Effect of Water Temperature
The impact of return water temperature is that the cooling approach must change by ~50% of the difference in the design & actual return water temperature. For example: If a tower is designed for 4°C approach for the cooling of water from 44°C to 34°C and actual return water temperature is 42°C then you must get an approach of 3°C instead of 4°C. The range of cooling will be 9°C against design value of 10°C. Thus, if your return water temperature is 42°C against design value of 44°C and you are getting design approach of 4°C that means your cooling tower is operating inefficiently.

Effect of Wet Bulb
Similarly, In this case, the approach of cooling will go up by ~50% of the difference between design & actual wet bulb, if wet bulb is lower than design value. However, total range of cooling will also increase in this case by ~50% of the difference in actual & design wet bulb i.e. 44°C to 33°C means range of cooling will increase from 10°C to 11°C.

Yes, one should not infer from these two examples that the thumb rules expressed here are valid for any changes in the temperatures. Instead, it is always governed by the equilibrium conditions & for larger changes one should go for proper evaluation procedure as described later in this article.

Effect of Water Loading
Cooling towers are normally supplied in standard modules called tower cells. Therefore, the cooling water is distributed equally on each cell in parallel configuration. However, in actual operation it deviates from what it should be (Average water flow/cell). This causes for example 80% water on one cell & total water flow being the same it will be 120% on the other. Even the same cell might have different water loading on both sides of distribution deck. This much deviation may result in ~5-10% rise in cooling approach.

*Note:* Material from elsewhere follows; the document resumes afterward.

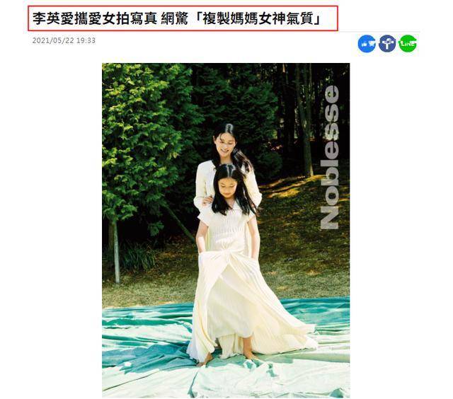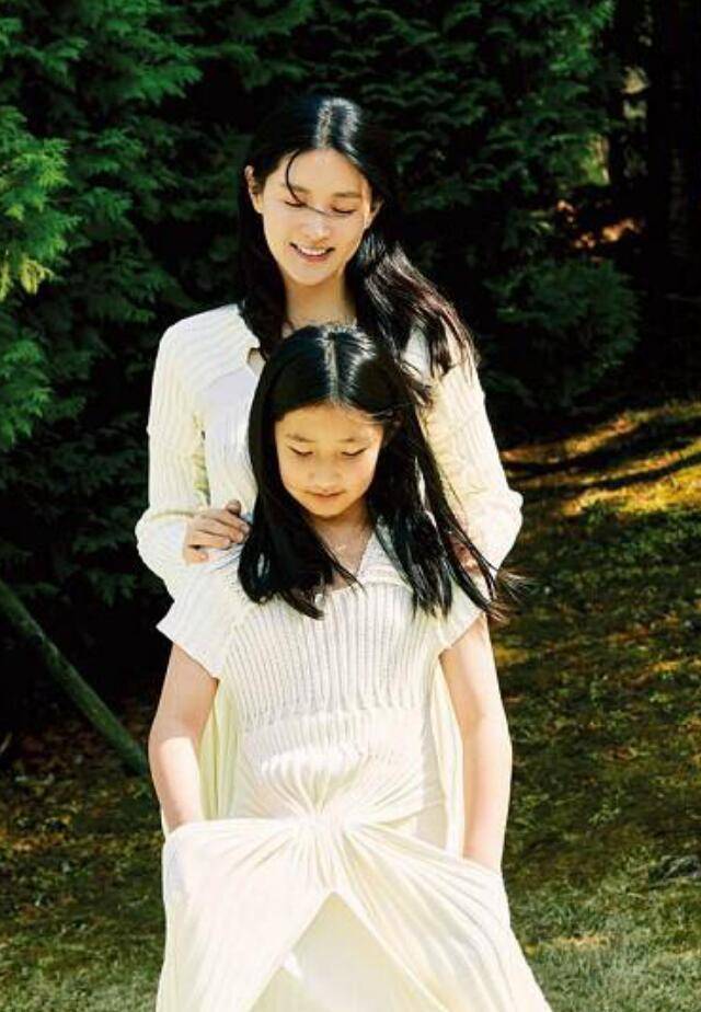 母女兩人雙雙穿著白色飄逸長裙,赤腳拍攝,可以看出女兒的身高已經快和媽媽差不多了,跟媽媽李英愛一樣留著披肩長發,跟媽媽一樣的烏黑長發,鵝蛋臉型,圓圓的蘋果肌,低頭莞爾一笑,有種少女的溫柔,在微風的吹拂下白色裙擺飄向一邊,媽媽靠在女兒身后,雙手輕輕扶在女兒肩膀,溫柔的母性光輝越發耀眼。

Effect of Air Distribution
Similarly, the imbalance in air loading in each side of every cell may cause 1.5 times more negative impact as compared to effect of disturbed water loading. Thus, 20% deviation in air distribution may cause ~10-15% rise in cooling approach.

Effect of Air Short Circuiting
By now it is clear that operators has to regularly monitor the performance of their cooling tower especially at different loads & at different ambient conditions. More appropriately, the comparison of actual approach with the design approach is not a good & actual indicator of its performance

NTU Calculation
For the identification of actual differences in the performance calculation of a cooling tower & for identifying the impact of each factor, NTU calculation method is the most useful & recommended one based on my experience.

As Promised earlier in the performance calculation - II, I am giving here the method for using this NTU for prediction of performance.

Step - 1
Start with how much is approximate difference in inlet & exit temperature from cooling tower & divide them in equal parts with say an increment of 0.2°C or so.

Start from first row & column A with some approx t temperature & make diff in column G as zero. (This all is explained in above linked article on this Blog)

Since all other rows are linked with same increment of 0.2 till last row, finally you should get your inlet temperature in last row & column A. If it is less or more change it in first row to get same.

With each change all rows in column G should have zero value as difference.

Step - 2
Once you get all zero in column G and inlet temperature in last row of Column A, the first row in column A should give you the exit temperature, but wait.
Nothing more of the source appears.